19 thoughts on “Real Time Object Detection For $59

  1. Now we need to teach it to differentiate between Linux ( $var = “good”; ), and Mac OS ( $var = “bad”; ).
    Speaking of which, does anyone know if Mac OS is still Linux on the inside? I used an original Macbook (2006) a while back and, once I was able to find the command line, all da good ol’ commands worked.

    1. Mac OSX is a hybrid of NetBSD, FreeBSD and OpenBSD. To be more specific, it is a proper UNIX (conforms to POSIX) and contains no Linux code at all. The Linux userland mostly conforms to POSIX which is what make it seem similar.

  2. If you want to be correct (read: pedantic) about it, yes, not a stitch of linux code exists in OSX.

    When people think of linux, they think of the GNU project as closely intertwined with it, and they usually conflate the two. OSX ships with GNU bash and a few other GNU utilities, though as far as I’ve seen they’ve been slowly phasing them out as much as possible.

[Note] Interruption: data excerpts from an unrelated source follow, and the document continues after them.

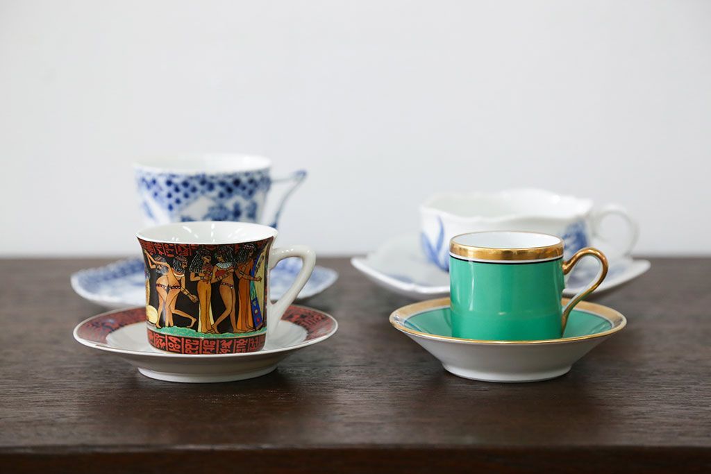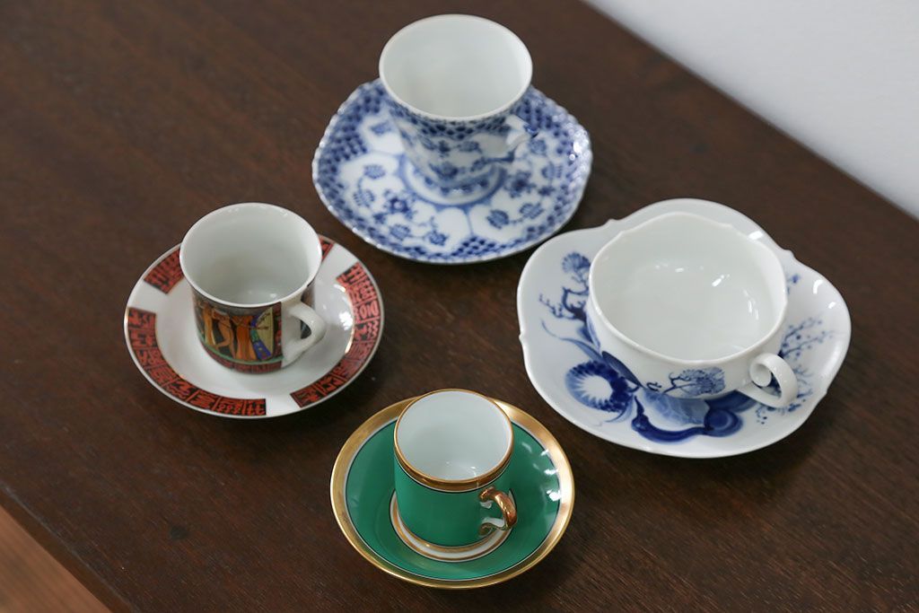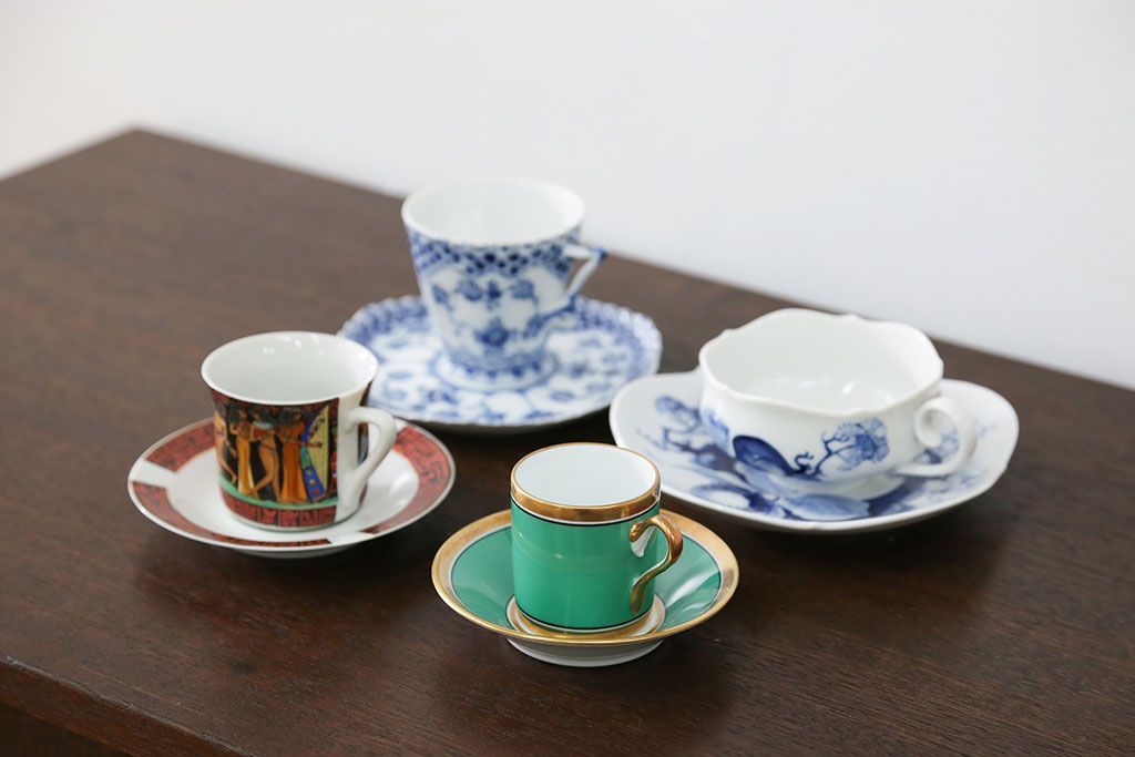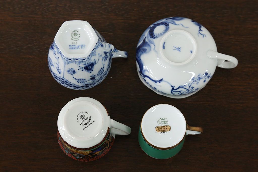 アンティーク雑貨 ロイヤルコペンハーゲン(Royal Copenhagen)・マイセンなどのカップ&ソーサー4種類セット(リモージュ・リチャード・ジノリ)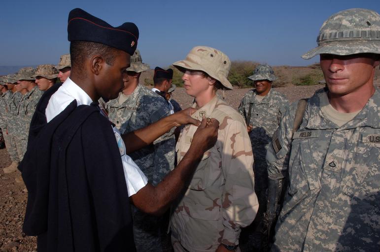 | Keywords: US Navy 071113-N-3931M-030 An instructor from the French military pins a survival badge on U.S. Navy Hospital Corpsman 3rd Class Gwendolyn Collver, assigned to Combined Joint Task Force-Horn of Africa, upon completion of a dese.jpg en SIDA Djibouti Nov 13 2007 An instructor from the French military pins a survival badge on U S Navy Hospital Corpsman 3rd Class Gwendolyn Collver assigned to Combined Joint Task Force-Horn of Africa upon completion of a desert survival course conducted by the French military The training consisted of class instruction on land navigation using global positioning systems cooking and eating to survive how to use camels to transport equipment helicopter medical evacuations how to start a fire and techniques for rigging traps U S Navy photo by Mass Communication Specialist 1st Class Michael R McCormick Released 2007-11-13 071113-N-3931M-030 Navy http //www navy mil/view_image asp id 52892 U S Navy photo by Mass Communication Specialist 1st Class Michael R McCormick PD-USGov-Military-Navy Images from US Navy location SIDA Djibouti Presentation of military decorations |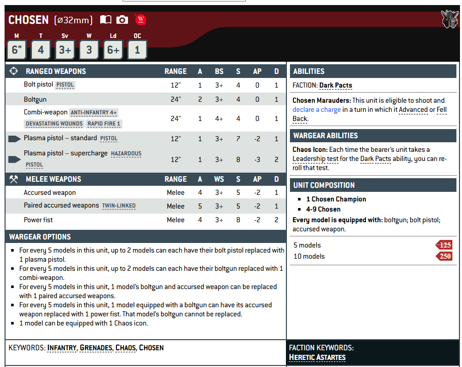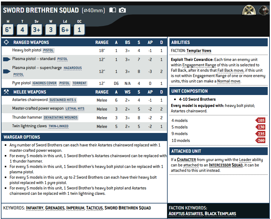 >>97822233>>97822241Speaking of merging stuff, the way I'd reorganize the army would be:>HQs>Major Officer (Captain, can be upgraded to chapter master, limit of 1 per army)>Minor Officer (Lieutenant, can be "upgraded" to become a chaplain, librarian, techmarine, potential for other esoteric characters like 30k master of signals or praevians or stuff like that)>Retinue (essentially bladeguard and all their chapter specific variations of 3/6 melee dudes with 40mm bases, they need a major officer to lead them)>Troops>Tactical squad (essentially current intercessors + assault intercessors but with boltguns, troop size 10-20)>Tactical veteran squad (essentially classic tactical squads, less numbers but get access to special weapons)>Assault squad (just the current assault intecessors with jump packs but with a non-retarded name and let them take eviscerators again for the love of god)>Terminator squad (merge both squads, just keep the loadouts as they are but fix the distinction between hammers and power fists right now they are completely unbalanced)>Vanguard vet (stays the same)>Sternguard vet (their classic role has been aped by the primaris weapon squads, they need an actual niche using special rules, they currently are just so boring. This is where bolt rifles go)>Special weapon squad (merges hellblasters, infernus and adds a melta/grav squad, but they should use the actual special weapons, no need for a +1 long primaris version when no other unit can take one for every dude anwyays)>Heavy weapon squad (same as above but with the heavy weapons, let the sergeant take one too for fucks sake, hastarii can take them even though the model just gets a sword and pistol for some reason)>Merge all the gravis squads too.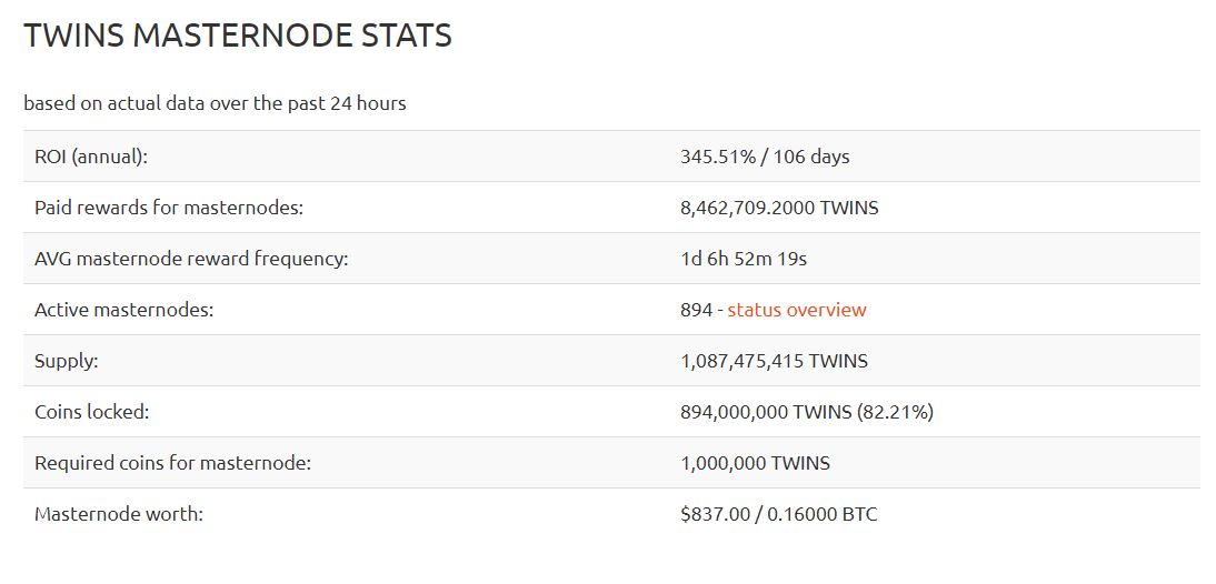 जैसा कि ऊपर से स्पष्ट है, ब्लॉक पुरस्कारों का 80% TWINS मास्टर्नोड्स को वितरित किया जाता है, ब्लॉक पुरस्कारों का 10% TWINS स्टाकर्स को वितरित किया जाता है, और शेष 10% ब्लॉक पुरस्कार TWINS डेवलपर फंड में वितरित किए जाते हैं।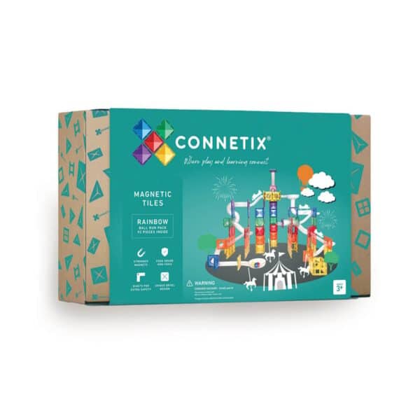 Met de magnetische tegels van Connetix laat je kinderen eindeloos creatief bouwen. Deze Ball Run set is perfect om zelf een knikkerbaan te ontwerpen en in elkaar te zetten. Of je nu kiest voor een hoge toren met kronkelende buizen of een lange baan vol bochten en hindernissen – alles is mogelijk!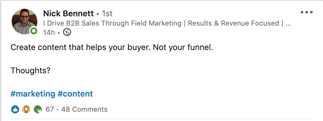 Nick’s right. As a marketer, you’re usually either creating content to send people into a funnel or you’re doing it to help your buyer.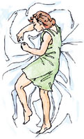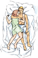 Bei dieser Schlafstellung ist das Paar eng aneinandergeschmiegt.Dieses zeigt ein intensives Wir-Gefühl und große Vertrautheit. So schlafen sehr verliebte Paare.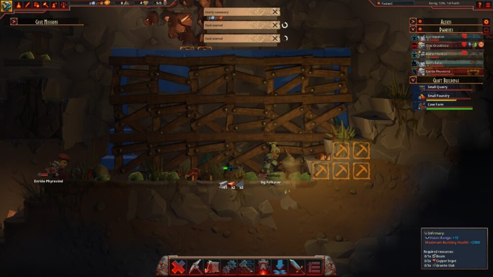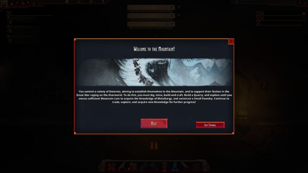 Hammerting’s onboarding process is rather lacklustre. Once you’ve selected some basic game options such as the difficulty and mountain size as well as named your colony, you will be thrown straight into the deep end, or deep cave rather. Once in the cave, you will be inundated with an immense amount of tutorial pop-ups and messages which are supposed to get you up to speed with what you have to do. These messages explain the game’s mechanics but unfortunately, this entire process is extremely convoluted and not at all well-paced.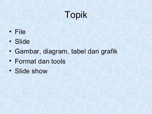 - 2. Topik • • • • • File Slide Gambar, diagram, tabel dan grafik Format dan tools Slide show

    Here’s the open source components of Big Sur: https://opensource.apple.com/release/macos-112.html

    As you can see they’re using pretty damn old versions of GNU utilities, and generally refuse to modify them, so that they don’t have to give out their source. Anyway, still, OSX lifts a few of its parts from the same sources (and licenses) as linux distros do, and therefore have the exact same programs as a linux distro does, despite UNIX in general, and specifically BSD distros with strict licenses do not.

    Therefore, if you can accept that people typically confuse the term “linux” to mean distributions that include the kernel, and GNU utilities like bash and apache are typically a part of those distros, you can say that “parts of linux are in OSX.”

    Q.E.D.

  3. This video tells only half the story, and it’s the easy half at that. It does little to explain how to generate and train the model that is at the heart of this ML system. Generating and training the model would normally take place on a machine that is far more powerful than that little NVIDIA Jetson Nano dev board.